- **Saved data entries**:
--

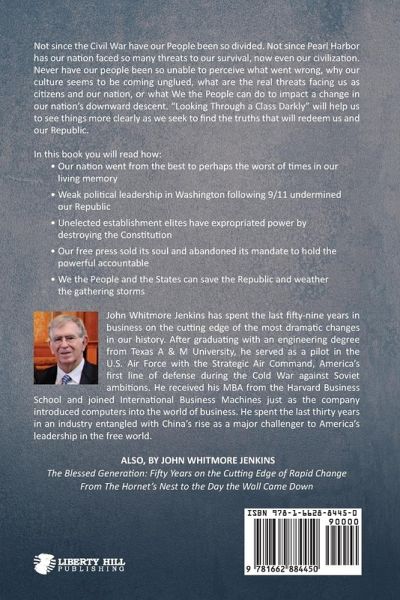Not since the Civil War have our People been so divided. Not since Pearl Harbor has our nation faced so many threats to our survival, now even our civilization. Never have our people been so unable to perceive what went wrong, why our culture seems to be coming unglued, what are the real threats facing us as citizens and our nation, or what We the People can do to impact a change in our nation's downward descent. "Looking Through a Class Darkly" will help us to see things more clearly as we seek to find the truths that will redeem us and our Republic. In this book you will read how: ¿ Our nation went from the best to perhaps the worst of times in our living memory ¿ Weak political leadership in Washington following 9/11 undermined our Republic ¿ Unelected establishment elites have expropriated power by destroying the Constitution ¿ Our free press sold its soul and abandoned its mandate to hold the powerful accountable ¿ We the People and the States can save the Republic and weather the gathering storms John Whitmore Jenkins has spent the last fifty-nine years in business on the cutting edge of the most dramatic changes in our history. After graduating with an engineering degree from Texas A & M University, he served as a pilot in the U.S. Air Force with the Strategic Air Command, America's first line of defense during the Cold War against Soviet ambitions. He received his MBA from the Harvard Business School and joined International Business Machines just as the company introduced computers into the world of business. He spent the last thirty years in an industry entangled with China's rise as a major challenger to America's leadership in the free world. ALSO, BY JOHN WHITMORE JENKINS The Blessed Generation: Fifty Years on the Cutting Edge of Rapid Change From The Hornet's Nest to the Day the Wall Came Down
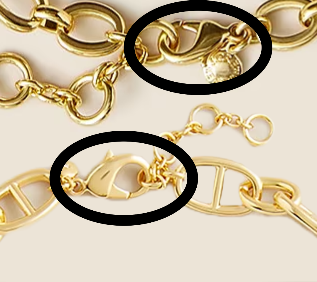These two J.Crew necklaces have different styles but use the same lobster clasp
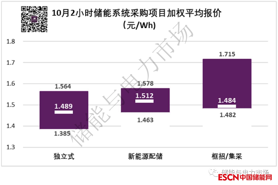 集采/框招的儲(chǔ)能系統(tǒng)采購(gòu)加權(quán)平均報(bào)價(jià)最低,為1.484元/Wh。
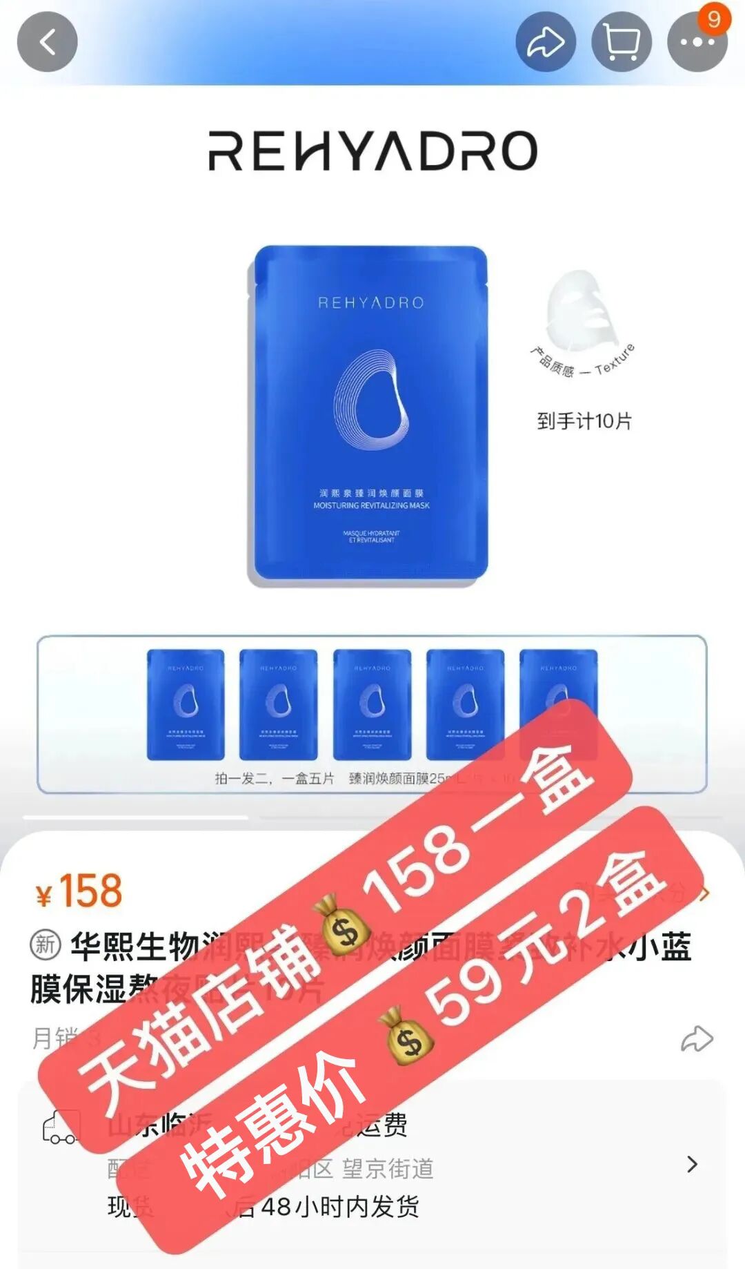 但华熙生物出的产品性价比都很高,润熙泉面膜也如此,官方定价158元,没毛病吧?!
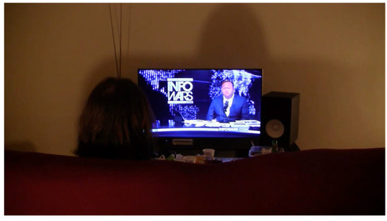 Figure 5, allowed the user to explore the room using a spotlight and when they stumbled upon one of the ad topic associated items, the code would generate some type of interaction. Examples include a picture of Karl Marx that begins playing the Soviet Union national anthem, and a song by the Beach Boys linked to the verbalization of the word “safari”. These could only be turned off by vocally telling the computer to “shut up”. Finally, one could find the student himself laying on the ground, with a copy of The Communist Manifesto resting over his face to explore the way that Facebook had subjectivated him as a radical left-wing activist.

--

- **What is needed**: Transcribe exactly, and only, the lines from the one containing "集采/框招的儲(chǔ)能系" through the last line of the records above, both included; leave out the pictures.

- **Reply to the exercise**:
 集采/框招的儲(chǔ)能系統(tǒng)采購(gòu)加權(quán)平均報(bào)價(jià)最低,為1.484元/Wh。
 但华熙生物出的产品性价比都很高,润熙泉面膜也如此,官方定价158元,没毛病吧?!
 Figure 5, allowed the user to explore the room using a spotlight and when they stumbled upon one of the ad topic associated items, the code would generate some type of interaction. Examples include a picture of Karl Marx that begins playing the Soviet Union national anthem, and a song by the Beach Boys linked to the verbalization of the word “safari”. These could only be turned off by vocally telling the computer to “shut up”. Finally, one could find the student himself laying on the ground, with a copy of The Communist Manifesto resting over his face to explore the way that Facebook had subjectivated him as a radical left-wing activist.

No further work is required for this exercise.